Imagine I had the number 0.111₂ and wanted to write it in normalized scientific notation? Again, we apply the rules. We need a mantissa greater than or equal to 1 and less than 2.

That means we want to write our mantissa as 1.11 x 2^?.

Now, to get back to our original number we would need to move our radix point 1 place to the… left. What did we learn about moving to the left? That means our exponent is negative. That gives us: 1.11 x 2^-1.

IEEE 754 Representations

As you’ve probably worked out by now, Floating Point numbers are used everywhere in modern computing. Whether it be the percentage of the market that have upgraded to the latest version of iOS, the current position and orientation of your iPhone in space or the amount of money flowing into your your bank account following the release of your latest blockbuster app!

Because of its wide use, the format used to store Floating Point numbers in memory has been standardized by the Institute of Electrical and Electronic Engineers in something called IEEE 754. This standard defines a number of different binary representations that can be used when storing Floating Point Numbers in memory:

Half Precision – Uses 16-bits of storage in total.
Single Precision – Uses 32-bits of storage in total.
Double Precision – Uses 64-bits of storage in total.
Quadruple Precision – Uses 128-bits of storage in total.

In each of these cases, their basic structure is as follows:

(-1)^sign x mantissa x 2^exponent

When it comes to storing Floating Point Numbers in memory, only three critical parts of that basic structure are stored:

Sign
Exponent
Mantissa

The diagram below shows these parts are stored in memory:

The Sign

As I hinted at above, all four binary representations defined in the IEEE 754 standard, have the most significant bit as a sign bit and use it to store the sign of the overall number. In similar vein to what we have seen in previous posts, if the sign bit is clear (a value of 0) the overall number is positive. If the bit is set (a value of 1) the number is negative.

Exponent

The Exponent represent the power to which the mantissa will be raised. There are always a fixed number of exponent bits when storing a floating point representation in memory and the exact number of bits that are used is defined by the particular IEEE 754 representation (Single Precision, Double Precision etc). We’ll take a look at this shortly.

In all cases, the exponents in each of these representations need to be able to represent both positive exponents (in order to represent very large numbers) and negative exponents (in order to represent very small numbers). To avoid the complications of having to store the exponents in two’s complement format, something called an exponent bias is used.

Exponent Bias

Exponent Bias is where the value stored for the exponent is offset from the actual exponent value by a bias. The bias is simply a number that is added to the exponent to ensure that the value that is stored is always positive.

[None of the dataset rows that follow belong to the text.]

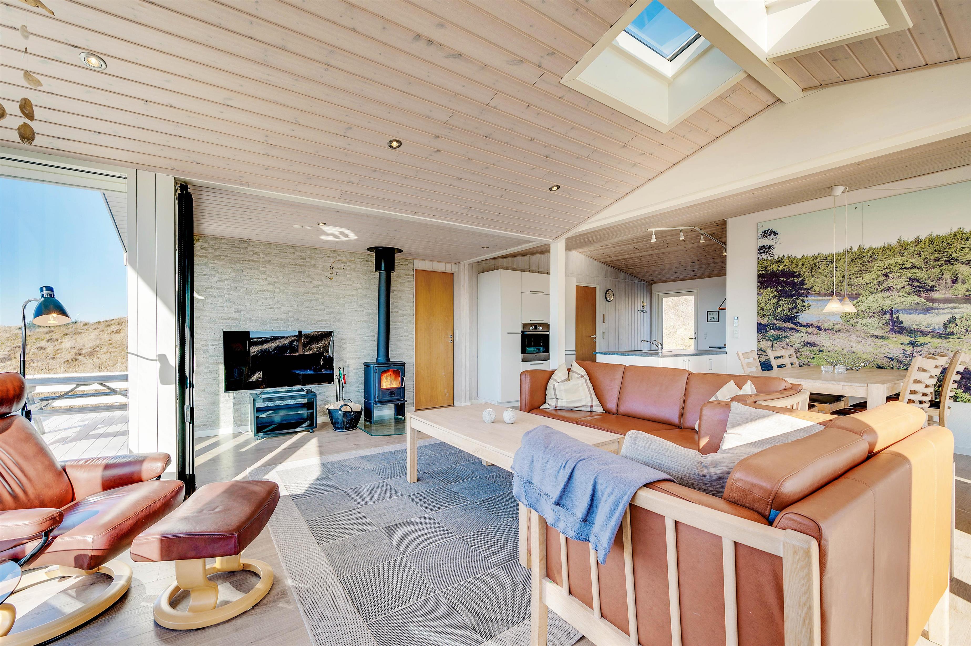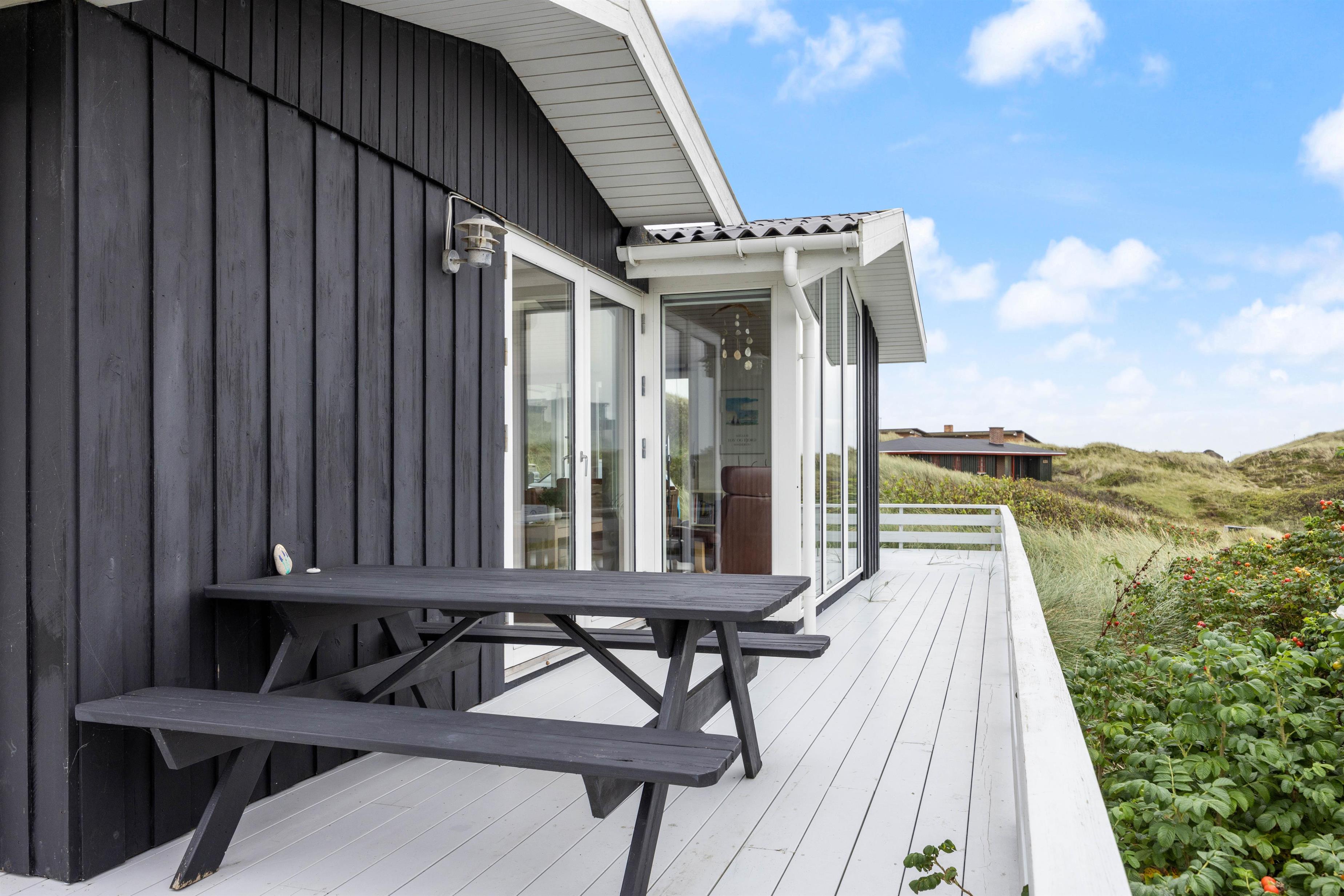 Det flotte sommerhus i Houvig er på mange måder et klassisk sommerhus. Men alligevel skiller det sig ud. Det skyldes ikke mindst den lækre indretning, hvor man virkelig mærker, at der er kælet for detaljerne og kvaliteten. Lige fra de flotte køkkenelementer til de smukke cognacfarvede lædermøbler. Det hele er bare lige en tand mere lækkert end gennemsnittet.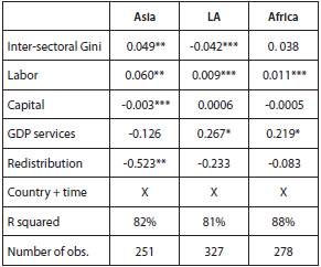 Finally, in table 6, we check that the typology is useful for clustering such a heterogeneous group of countries at different stages of the inter-sectoral ladder. The inter-sectoral gap also has a positive relationship with the Gini, but the effect cancels out over the period. On average, an increase of 1% in the inter-sectoral Gini raises income inequality by 0.05% in Asia. The effect is 0.04% in Africa. In Latin America, the effect has the wrong, albeit statistically significant, direction. Taking out Argentina, which is the only country with no inter-sectoral gap, the effect is close to 0.03% but not significant at the 10% level. The implication is that the effect of the inter-sectoral gap on income distribution in the developing world is more a matter of structural characteristics than geographical location.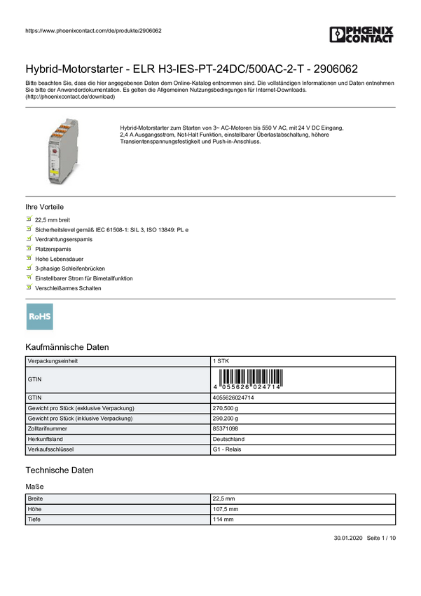 Phoenix Contact ELR H3-IES-PT/500AC-3-IOL 2908671 Rozrusznik silnika 24 V/DC Natężenie znamionowe 3 A

The table below shows the number of bits used for the exponent in each of the formats, the allowed range of values the different exponents can have before applying the bias along with the allowed values after applying the bias:

Representation	Bits	Normal Range (Pre Bias)	Bias	Modified Range (Post Bias)	Notes
Half Precision	5	-14 to +15	+15	+1 to +30	Biased values of 0 (all bits clear) and 31 (all bits set) have special meaning.
Single Precision	8	-126 to +127	+127	+1 to +254	Biased values of 0 (all bits clear) and 255 (all bits set) have special meaning.
Double Precision	11	-1022 to +1023	+1023	+1 to +2046	Biased values of 0 (all bits clear) and 2047 (all bits set) have special meaning.
Quadrupal Precision	15	-16382 to +16383	+16383	+1 to +32766	Biased values of 0 (all bits clear) and 32767 (all bits set) have special meaning.

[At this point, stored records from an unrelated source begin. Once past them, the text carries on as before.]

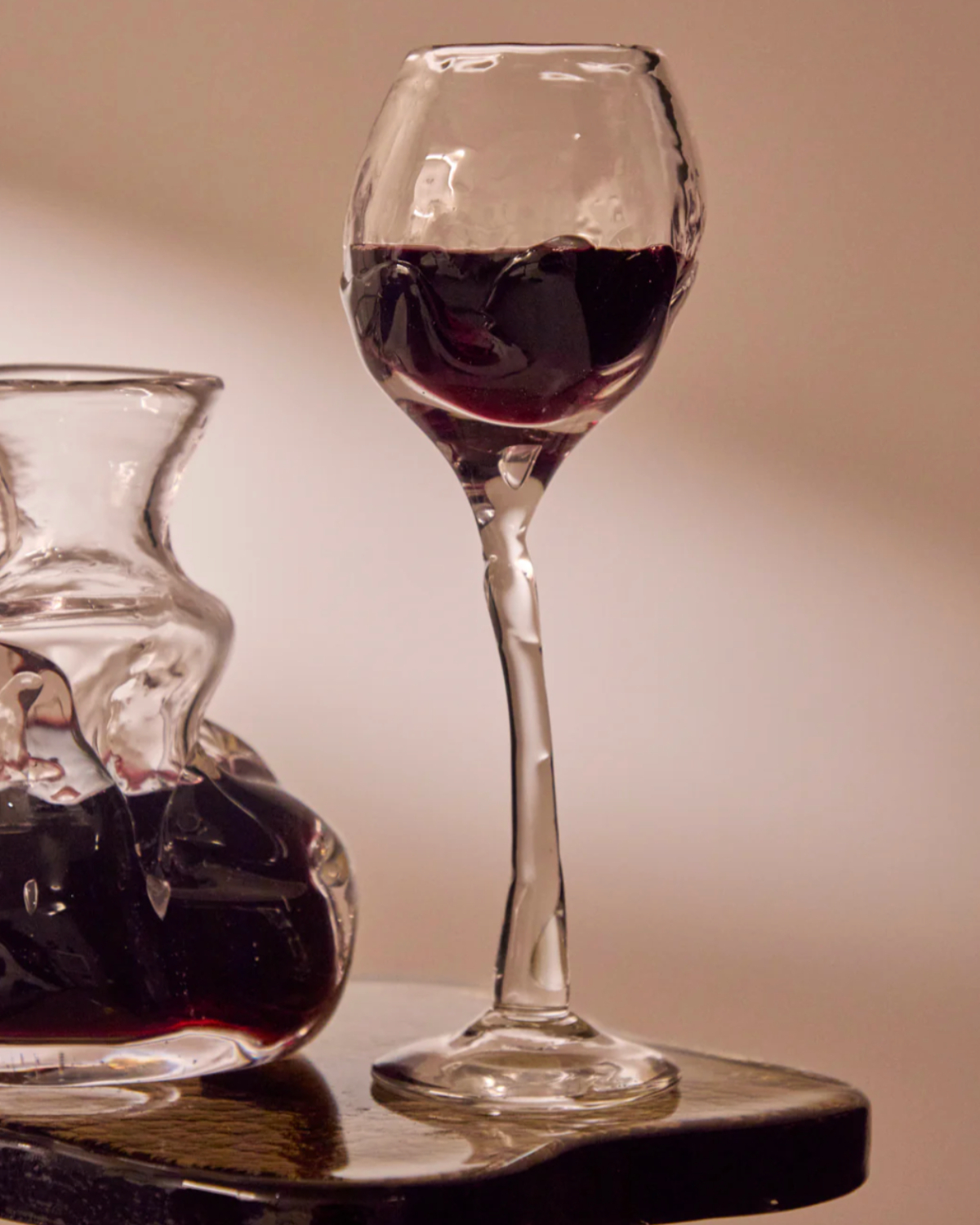 Szkło has that weighty, almost molten quality that makes you want to pick it up immediately. Founded in Amsterdam by siblings Aleksandra and Wojciech Zawistowski, the brand approaches glass with a distinctly sculptural, organic mindset. The silhouettes feel thick and tactile, with curves and edges that look as though they’ve been pulled straight from liquid form and frozen mid-flow. There’s a rawness to the texture, yet the finish is polished enough to work in just about any setting, from a minimal dinner table to something more dramatic. These are glasses that feel substantial in your hand and quietly powerful on the table — less delicate crystal, more modern artifact.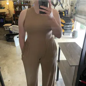 I’m normally an XL in everything and all rompers make me look 4 months pregnant BUT this one is actually SO flattering. I got a 1x to ensure there was plenty of room and there is! It is so comfortable, pants are a bit long, I’m 5’6. I got a lot of compliments at work!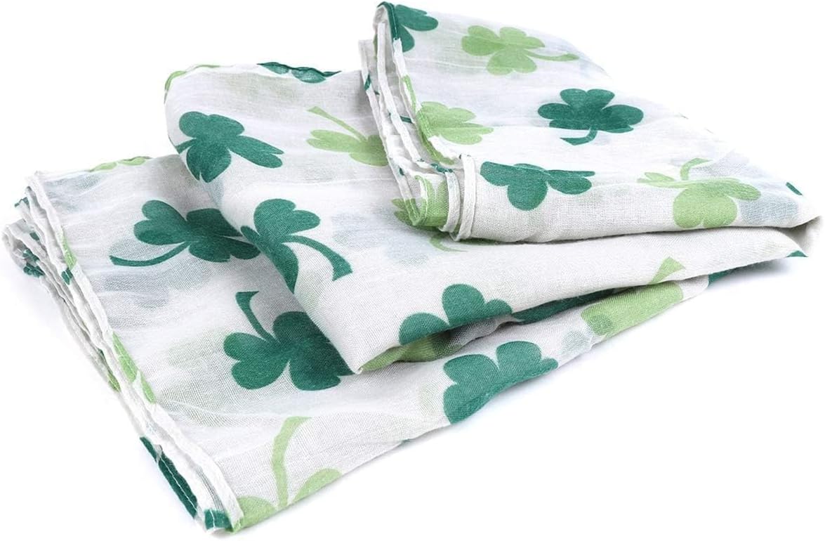 Nollia Soft Women’s Scarves for St. Patrick’s Day with Shamrocks and Clovers in Green and White – Single and 2-Pack Gift Set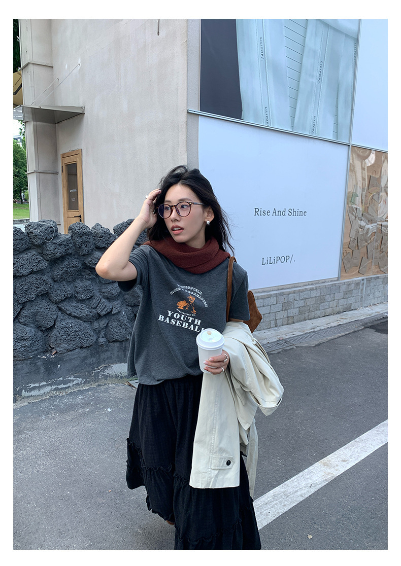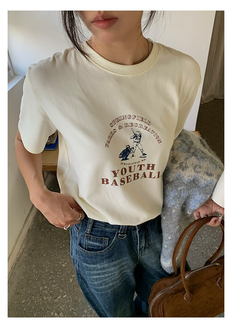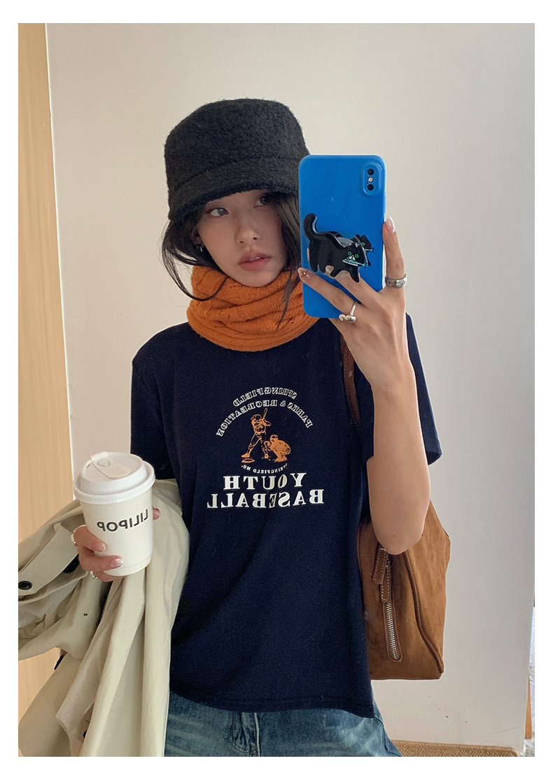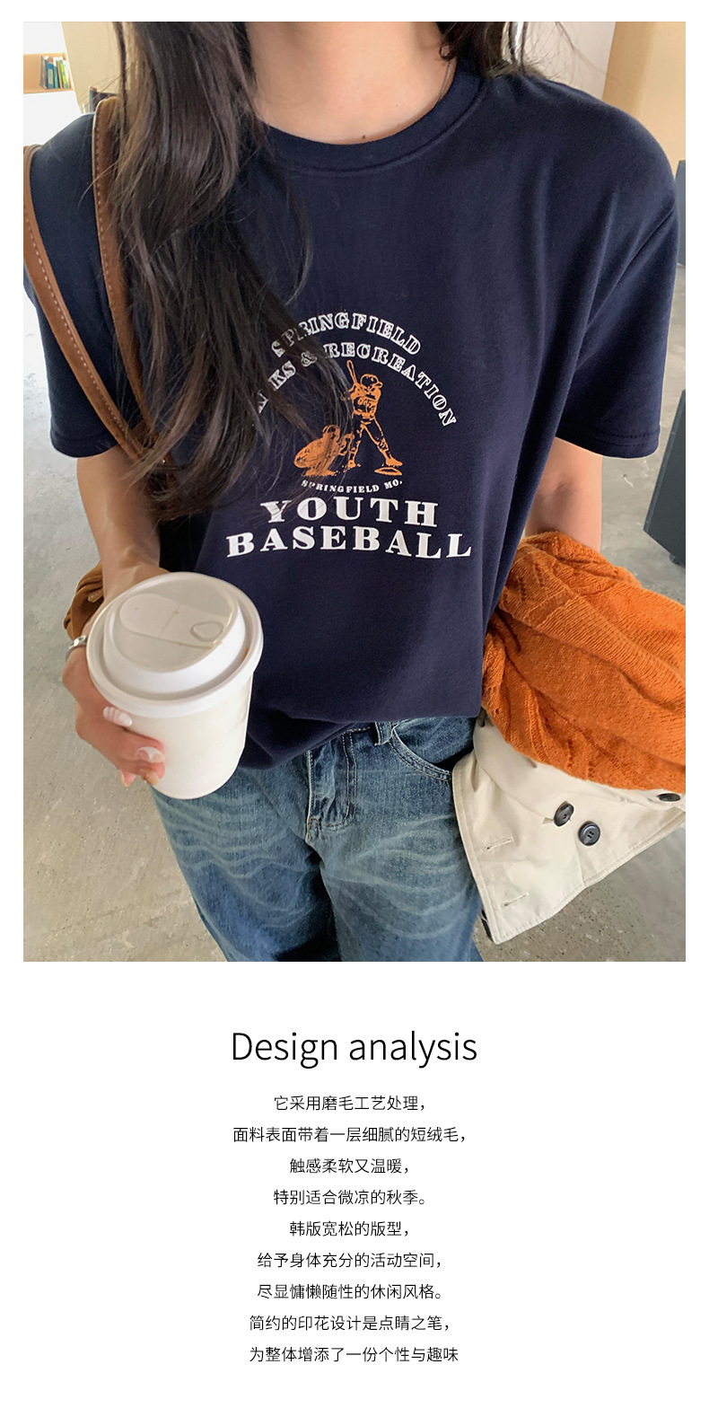 *o-ha-you*【FHZH1DA5030078】磨毛印花短袖T恤女2025秋季新款韓版寬鬆簡約休閒上衣-3色

Mantissa (a.k.a. Signficand) Bits

In the IEEE 754 representations, the mantissa is expressed in normalized form. The formats follow the same rules for normalization as we saw with Scientific Notation, and puts the radix point after the first non-zero digit.

In binary though, we also get a nice little bonus!

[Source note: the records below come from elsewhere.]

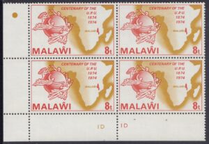 Malawi Malawi Philately: 1974 Universal Postal Union Centenary (1874-1974) – 8t U.P.U. Logo and Map of Malawi thedigitalphilatelist 24/04/1974 Details Designer: John Cooter Printer: John Waddington of Kirkstall Ltd, Leeds, England Process: Lithography Paper: Watermark: Cockerels (sideways) Perf: 13.5 (comb) Cylinders: 1D (Yellowish-Brown), 1D (Red) Sheet: Quantity: Cylinders
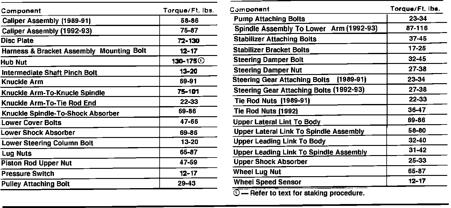 Tightening Specifications: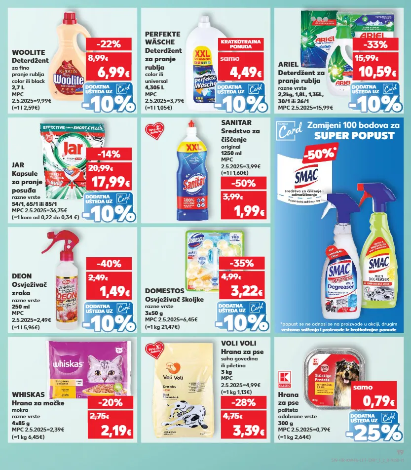 kratkotrajna ponuda samo kratkotrajna ponuda samo kratkotrajna ponuda samo kratkotrajna ponuda samo kratkotrajna ponuda samo kratkotrajna ponuda samo kratkotrajna ponuda kratkotrajna ponuda samo samo whiskas hrana za mačke mokra razne vrste 4x85 g mpc 2.5.2025=2,39€ (=1 kg 6,45€) -20% 2,19 € 2,75 € voli voli hrana za pse suha govedina ili piletina 3 kg mpc 2.5.2025=4,99€ (=1 kg 1,13€) -28% 3,39 € 4,75 € (=1 l 1,60€) sanitar sredstvo za čišćenje original 1250 ml mpc 2.5.2025=3,99€ -50% 1,99 € 3,99 € dodatna ušteda uz (=1 kom 0,36€) ariel deterdžent za pranje rublja razne vrste 2,2kg, 1,8l, 1,35l, 30/1 ili 26/1 mpc 2.5.2025=15,99€ -33% 10,59 € 15,99 € dodatna ušteda uz (=1 kg 21,47€) domestos osvježivač školjke razne vrste 3x50 g mpc 2.5.2025=6,45€ -35% 3,22 € 4,99 € - - 10% 10% dodatna ušteda uz (=1 kom od 0,22 do 0,34 €) jar kapsule za pranje posuđa razne vrste 54/1, 65/1 ili 85/1 mpc 2.5.2025=36,75€ -14% 17,99 € 20,99 € - - 10% 10% - - 10% 10% (=1 kg 2,64€) hrana za pse pašteta odabrane vrste 300 g mpc 2.5.2025=0,79€ samo 0,79 € - - 25 % 25 % dodatna ušteda uz dodatna ušteda uz dodatna ušteda uz dodatna ušteda uz (=1 l 2,59€) woolite deterdžent za fino pranje rublja color ili black 2,7 l mpc 2.5.2025=9,99€ (=1 l 5,96€) deon osvježivač zraka razne vrste 250 ml mpc 2.5.2025=2,49€ (=1 l 1,05€) perfekte wäsche deterdžent za pranje rublja color ili universal 4,305 l mpc 2.5.2025=3,79€ -40% -22% kratkotrajna ponuda 1,49 € 2,49 € 6,99 € 8,99 € samo 4,49 € sa o 4,49 samo 4,49 samo 4,4 samo 4,49 samo samo € o € o - - 10% 10% - - 10% 10% - - 10% 10% zamijeni 100 bodova za super popust -50% * *popust se ne odnosi se na proizvode u akciji, drugim vrstama sniženja i proizvode iz kratkotrajne ponude sredstva za čišćenje i odmašćivanje sredstva za čišćenje i *popust se ne odnosi se na proizvode u akciji, drugim sredstva za čišćenje i sredstva za čišćenje i s19-hr-kw46-lft-drp_1_2_r-1030-11 19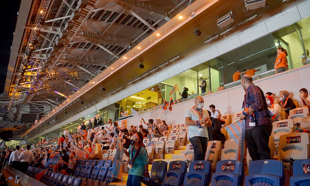 Yeni tip koronavirüs (Kovid-19) salgını nedeniyle 17 bin 500 kişilik Başakşehir Fatih Terim Stadı'nın tribünlerine 3 bin 500 taraftar alındı.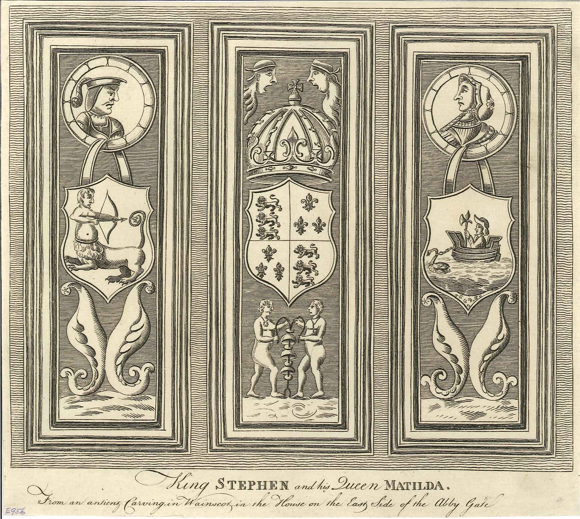 - DescriptionPrint of a view of carvings in Faversham Abbey; depicts King Stephen & Queen Matilda in a series of 3 panels in the wainscot in the Abbey gate; they founded the Abbey in 1147. Published in 'A Bibliographical Account of the Principal Works relating to English Topography' by William Upcott.

As we are expressing our numbers in binary, we get the benefit of knowing that the first non-zero digit will always be a 1 (after all we can only have 1’s or 0’s). Given this, we are therefore able to drop that first bit, simply assuming it is there, and instead gain an additional (implicit) bit of precision.

When numbers are stored, we only store the part of the mantissa that represents the fractional part of the number, the part to the right of the radix point. The table below shows the effect of the implicit integer bit and the effect that it has on the overall precision:

Representation	Precision Bits	Effective Precision
Half Precision	1 bit (implicit) + 10 bits (explicit)	11 bits
Single Precision	1 bit (implicit) + 23 bits (explicit)	24 bits
Double Precision	1 bit (implicit) + 52 bits (explicit)	53 bits
Quadrupal Precision	1 bit (implicit) + 112 bits (explicit)	112 bits

Summary of IEEE 754 Representations

In summary then, the IEEE 754 standard defines four main formats for the representation of binary floating point numbers in memory:

Representation	Total Bits	Sign Bit	Mantissa Bits	Exponent Bits
Half Precision	16	1	1 implicit + 10	5
Single Precision	32	1	1 implicit + 23	8
Double Precision	64	1	1 implicit + 52	11
Quadrupal Precision	128	1	1 implicit + 112	15

In addition to these formats, the IEEE 754 standard also defines a number of numerical symbols that it is also worth knowing about. We’ll explore these briefly in the next section.

Special Values

Representing Zero

As we have seen, when representing numbers in Floating Point and storing them in memory, we write our numbers in a normalized form before dropping the implicit set bit before the radix point. When the numbers in memory are interpreted, the implicit bit is re-instated. This implicit assumption that the bit immediately to the left of the radix point is set to 1 causes problems though. What if we wanted to represent zero?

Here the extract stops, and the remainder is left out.